At every transmission, the uplink samples use different prefix and postfix padding sizes. An example of a single collected frame can be seen in the figure below. The top row is the pre-generated signal. The second row shows the full frame sent between the client radio and the base station, including uplink transmissions from the reference and roaming client, as well as a noise reference at the end of the frame. The last two rows show the captured signals and their power spectral desnities (PSDs), measured at the base station, for both the reference and roaming clients.


The main repository can be found here. The following are some of the more relevant scripts to be used with the dataset we provide:

  • Data Collection Script: This script is run once for each datapoint (location).
  • Sounder Configuration Template: JSON configuration file used to run the Sounder tool for data collection. This configuration isn't entirly accurate as the slot parameters are created to make each slot 2048 samples long. However, we do not use OFDM signals in this project so the parameters 'ofdm_symbol_per_slot', 'cp_size', 'prefix', and 'postfix' are irrelevant.
  • Modified Sounder Application: Repo containing the modified Sounder code used to collect this dataset.
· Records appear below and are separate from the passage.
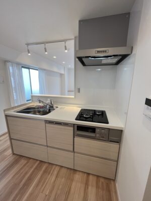 新規に入れ替えられたばかりのキッチンは、愛でたくなるような美しさ。料理へのモチベーションが湧き上がります♪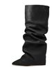 2025 New Thick Slip-On Plus Size Fashion High Heel Ruched Pile Boots Performance Skirt Pants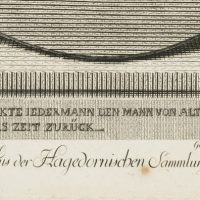 - Beschreibung: Brustbild im Halbprofil eines unidentifizierten Mannes mit pelzverbrämtem Kragen. Unter der runden Rahmung des Bildnisses ist als fingierte Inschrift ein Zitat aus D. Albrecht Hallers “Versuch Schweizerischer Gedichte” zu lesen: “_es schickte jedermann den Mann von altem Schrote in Kistlers Zeit zurück_”.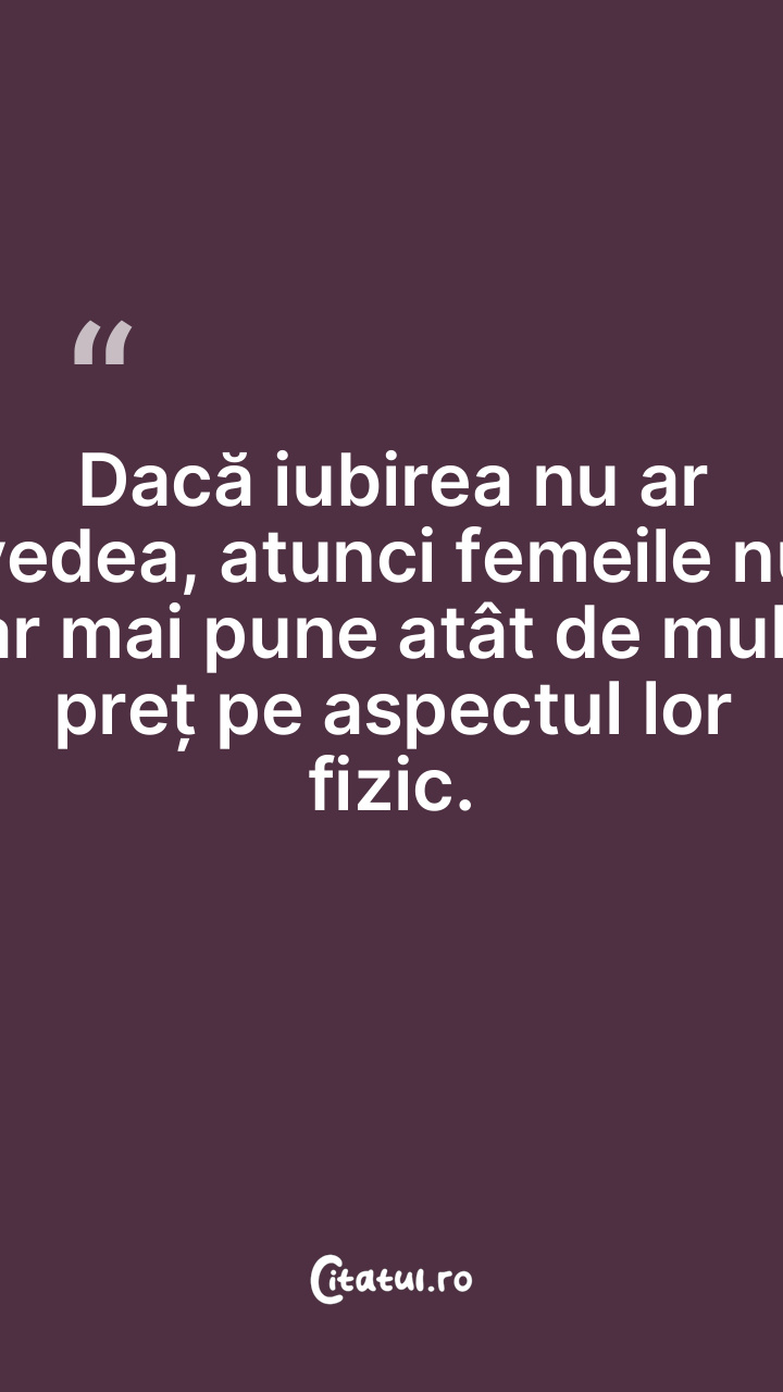 Dacă iubirea nu ar vedea, atunci femeile nu ar mai pune atât de mult preț pe aspectul lor fizic.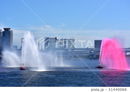 東京消防庁高輪消防署の化学消防艇「かちどき」によるカラー放水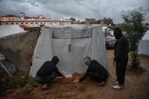 يواجه شعبنا في غزة معاناة و مصيرهم بأنفسهم في ظل الحرب المدمرة التي يشنها جيش الاحتلال الإسرائيلي و تساقط الأمطار باستمرار عليهم في الخيام والمدارس التابعة لوكالة الغوث الأونروا.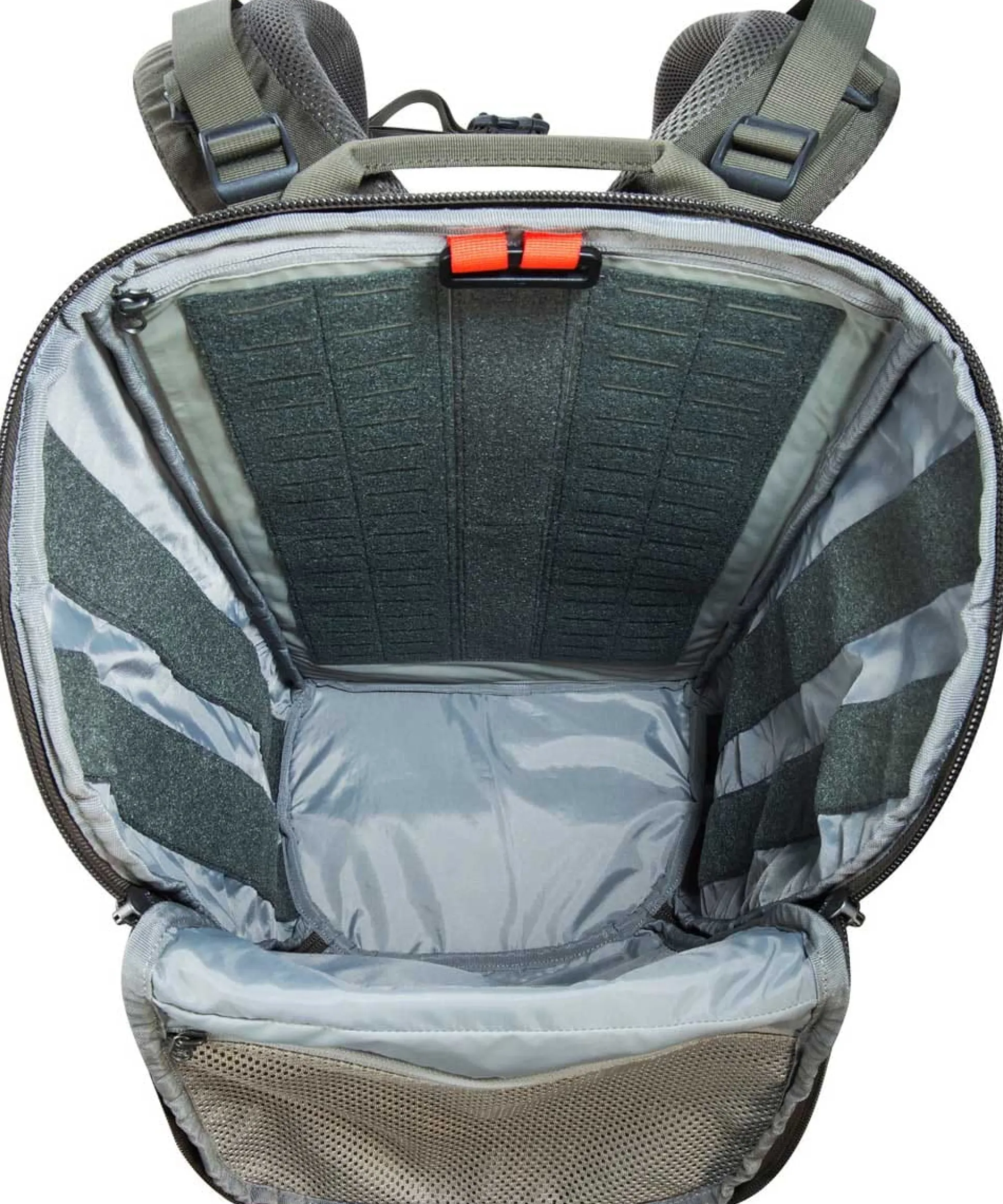 - An der Rückwand und an den Seiten befinden sich Flauschklett-Flächen, an die du Kleintaschen mit Hakenklett-Rückseite ganz einfach ankletten kannst. So ist dein Rucksack im Innern immer übersichtlich organisiert.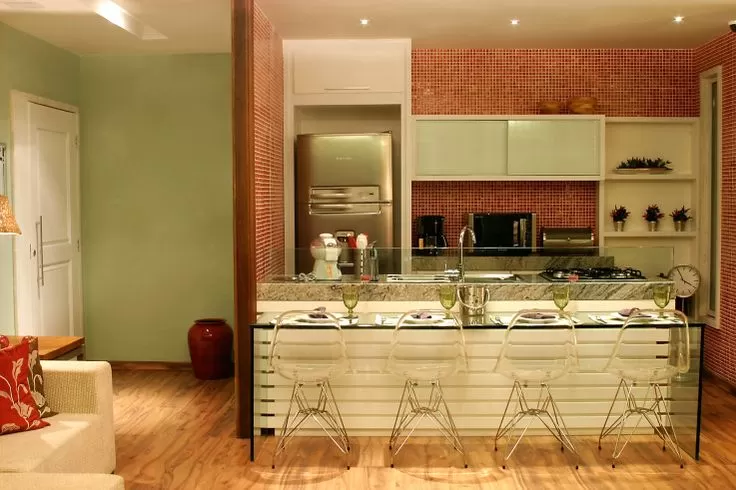 Esses dois modelos de cozinhas trazem ilhas que aproveitam o vidro como mesa de apoio. Não importa as cores ou as texturas usadas na decoração, o vidro é versátil e combina com qualquer estilo. Além da neutralidade, é prático e fácil de limpar.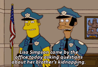 Lisa Simpson came by the office today asking questions about her brother's kidnapping. Questions? Yes. As if she were trying to unravel a tapestry of deceit.

Each folder of the dataset is named runMxN, where M denotes the ground space grindpoint (azimuth angle), and N marks the vertical grid point where the UE was located. Within each folder, the HDF5 files containing the signals sent from that point are included. The coordinates of each radio and gain settings used are included in the HDF5 files as attributes, but in general these follow the layout in the first figure above. In addition, we are currently developing some tools for integrating the dataset into Keras, these can be found here.

Research Enabled

A team from Florida Atlantic University has recently published a paper in ICASSP 2023 using this dataset. The paper is titled "Single-Sample Direction-of-Arrival Estimation for Fast and Robust 3D Localization with Real Measurements from a Massive MIMO System," by S. Mazokha, S. Naderi, G. I. Orfanidis, G. Sklivanitis, D. A. Pados, and J. O. Hallstrom. In addition, the authors have released their code on GitHub. The authors have done a great job documenting how they used and processed the dataset so we strongly suggest users take a look at their work.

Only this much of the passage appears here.